Harvard Medicine News: Why study pharmaceutical markets?

Maini: Worldwide pharmaceutical markets were valued at more than $1.5 trillion in 2024. Some predictions say that number could reach $3 trillion in the next 10 years. The U.S. pharmaceutical market is the largest in the world, valued at over $600 billion in 2024 and projected to exceed $1 trillion within the next decade.

The numbers are growing because populations are aging, the prevalence of chronic diseases is rising, and there’s growing demand for innovative treatments, which can be quite expensive.

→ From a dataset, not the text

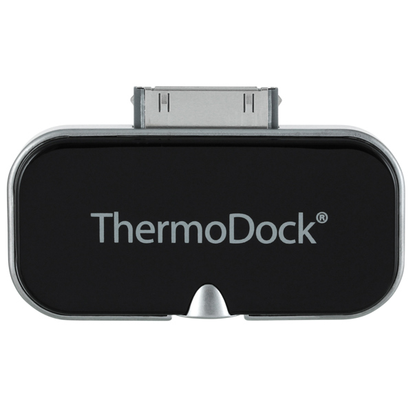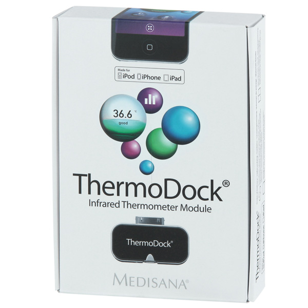«Забудьте о старомодных термометрах. Благодаря инновационному Medisana ThermoDock Вы можете применять собственный iPhone, iPod touch или iPad для измерения температуры. И прежде чем спросите ответим – нет, вставлять Вам ничего вставлять не придётся. Эта умная маленькая штука применяет бесконтактные инфракрасные технологии, измеряя с их помощью температуру тела, комнатную, температуру любой поверхности и даже воды. Просто подключите Medisana ThermoDock к 30-ти пиновому разъёму, и бесплатное приложение VitaDock предоставит точные показания, которые могут быть сохранены, обобщены с другими или отправлены по электронной почте».

Health systems everywhere are struggling with unsustainable costs and with sometimes staggering unmet needs. Understanding how pharmaceutical markets work is crucial to fixing both of those problems and ultimately ensuring that people have access to affordable medicines.

HMNews: Why are prescription drugs so expensive?

Maini: Some pharmaceuticals are quite reasonably priced. Generic drugs are mass produced as a commodity, and most of the competition between manufacturers is to see who can sell the drug for the lowest price.

Branded pharmaceuticals, like the newest GLP-1 medicines for diabetes and obesity or next-generation cancer drugs, can be highly sought after, unique products that are controlled by a monopoly that has a certain amount of power to ask for a higher price.